I have a list of sets called groups. groups[i] is a set of labels (integers) that are part of the same group as i. For example,
# idx: 0 1 2 3 4 5 6 7
groups = [{0}, {1}, {2,5,6}, {3}, {4,7}, {2,5,6}, {2,5,6}, {4,7}]
indicates that
0belongs to the group containing just01belongs to the group containing just12,5, and6each belong to the same group, namely the group containing2,5and63belongs to the group containing just14and7each belong to the same group, namely the group containing4and7
Sometimes it turns out that two groups are the same. For example, say we found out that 4 and 5 belong to the same group. Then we have to merge group {2,5,6} with group {4,7}. After this merge, groups should look like:
# idx: 0 1 2 3 4 5 6 7
groups = [{0}, {1}, {2,4,5,6,7}, {3}, {2,4,5,6,7}, {2,4,5,6,7}, {2,4,5,6,7}, {2,4,5,6,7}]
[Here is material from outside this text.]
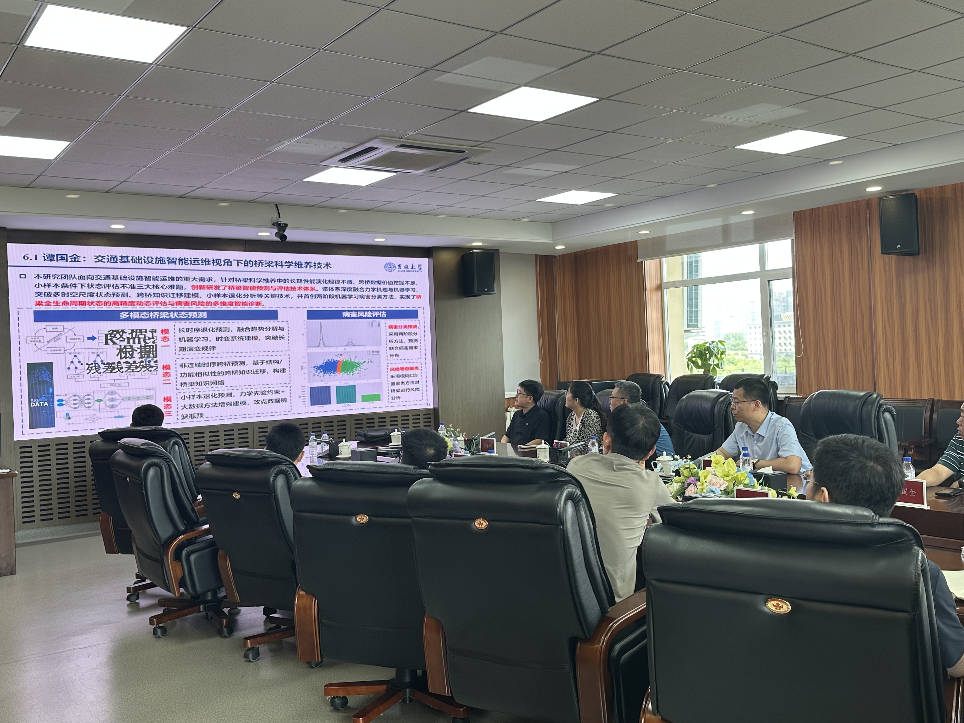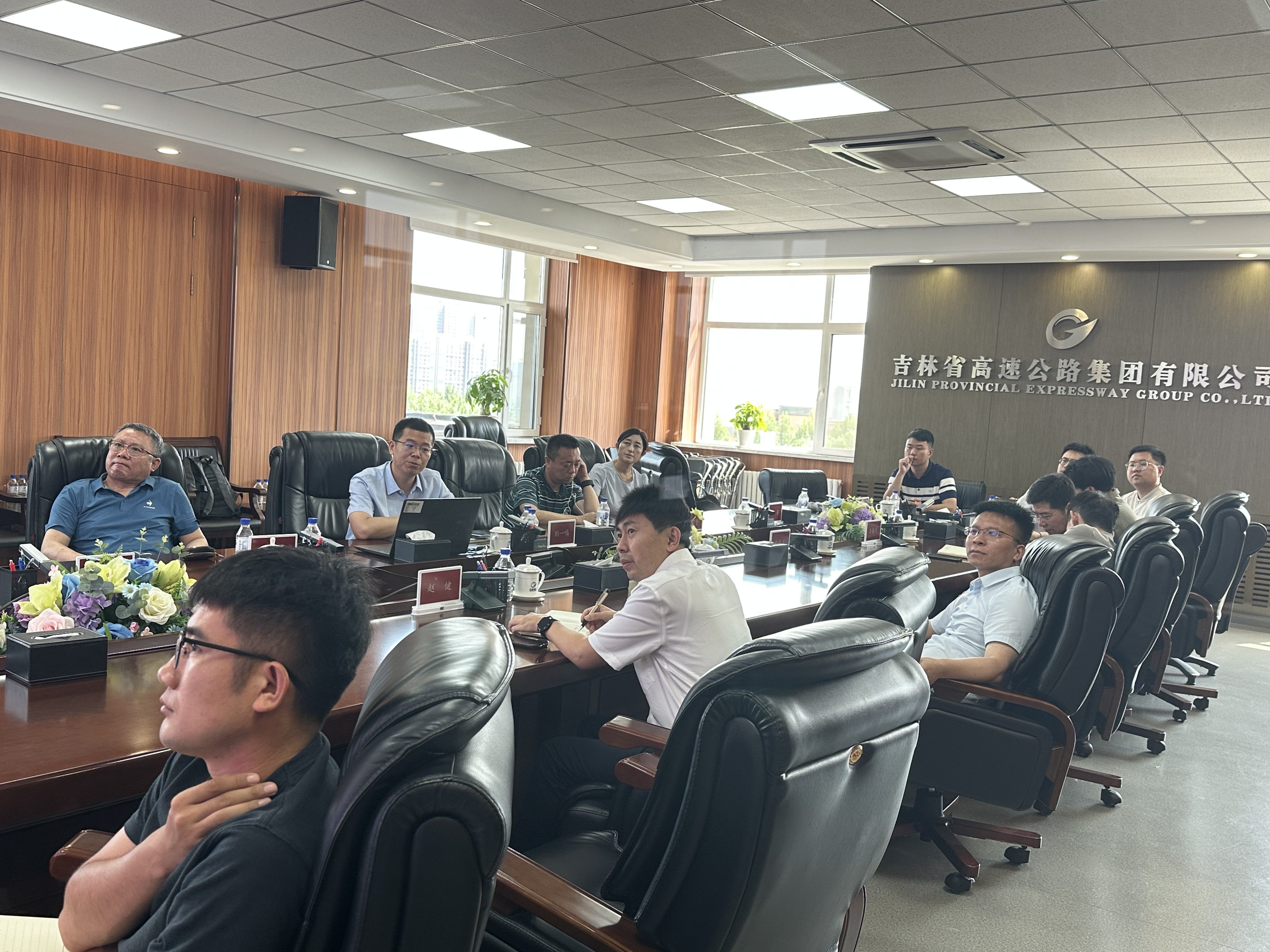 院长别一鸣、院长助理谭国金等一行7人赴吉林省高速公路集团开展交流,集团副总经理杨敏捷、总经理助理赵健、工程管理部主任申发义等8人出席会议。

Naively, this would require updating groups[2], groups[4], groups[5], groups[6] and groups[7] or, in general, when merging groupA with groupB, it would require len(groupA) + len(groupB) updates.
A more efficient approach, would be if instead of having multiple copies of the same set in groups, we had a reference to the same set
# idx: 0 1 2 3 4 5 6 7
groups = [{0}, {1}, groupA, {3}, groupB, groupA, groupA, groupB]
where groupA == {2,5,6} and groupB == {4,7}
Then, to merge groupA and groupB would require at most min(len(groupA), len(groupB)) updates:
if len(groupA) < len(groupB):
groupA, groupB = groupB, groupA
# len(groupA) >= len(groupB)
groupA |= groupB
for label in groupB:
groups[label] = groupA
which would result in
# idx: 0 1 2 3 4 5 6 7
groups = [{0}, {1}, groupA, {3}, groupA, groupA, groupA, groupA]
where groupA == {2,4,5,6,7}
Is there a more efficient way to merge groups? Is Union-Find (Disjoin Set Union) data structure the way?